# Where can I get ...



## Kaspar (Oct 8, 2013)

... SPRINGS?  

Sorry if this has been covered (if so, link me to the thread please?), but I need spare springs to put into some custom rollerballs I am making.  

Anyone know if I can I get the same ones Woodturners uses in their big pens?  I love those.


----------



## LanceD (Oct 8, 2013)

Found some here but not sure if these are what you're looking for.

Bear Tooth Woods - Replacement Spring for Rollerball Refills


----------



## Kaspar (Oct 8, 2013)

Thanks!  But that's the smaller type.  I'll use those if I have to, but I'd like options.


----------



## The Penguin (Oct 8, 2013)

I can't remember the name of the site - but there is someone that sells springs in different sizes and clips.

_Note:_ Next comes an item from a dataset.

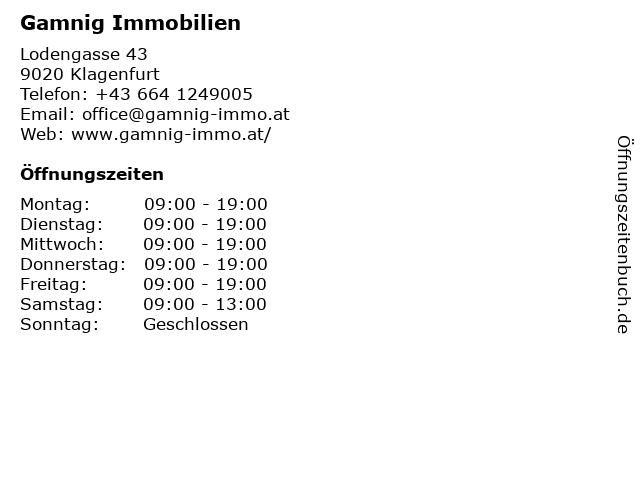 | Öffnungszeiten Gamnig Immobilien in Klagenfurt anzeigen | |

I'm sure someone else will post it.


----------



## hewunch (Oct 8, 2013)

Richard Greenwald


----------



## mredburn (Oct 8, 2013)

Besides RIchard I believe Exotic blanks may have them as well as Indy pen dance.
Pen Parts - Indy~Pen~Dance


----------



## BRobbins629 (Oct 8, 2013)

I also save the springs from give away pens I get.  They are usually longer than whats needed for roller balls, but can be easily cut with wire cutters.


----------



## Sull-E (Oct 12, 2013)

*Looking for this pen kit*

Does anyone know where I can get this pen kit with a Swarovski crystal on the end?


----------



## OKLAHOMAN (Oct 12, 2013)

Sull-E said:


> Does anyone know where I can get this pen kit with a Swarovski crystal on the end?


Craft supply :Artisan Venus Rollerball Pen Kit | Pen Making | Craft Supplies USA

Next time post this as a new thread.


----------



## Sull-E (Oct 12, 2013)

Thanks for your prompt reply.  I am new to the site and tried a new tread but it didn't want to cooperate on the first go.  It seemed to work fine after I read your message.
Sully


----------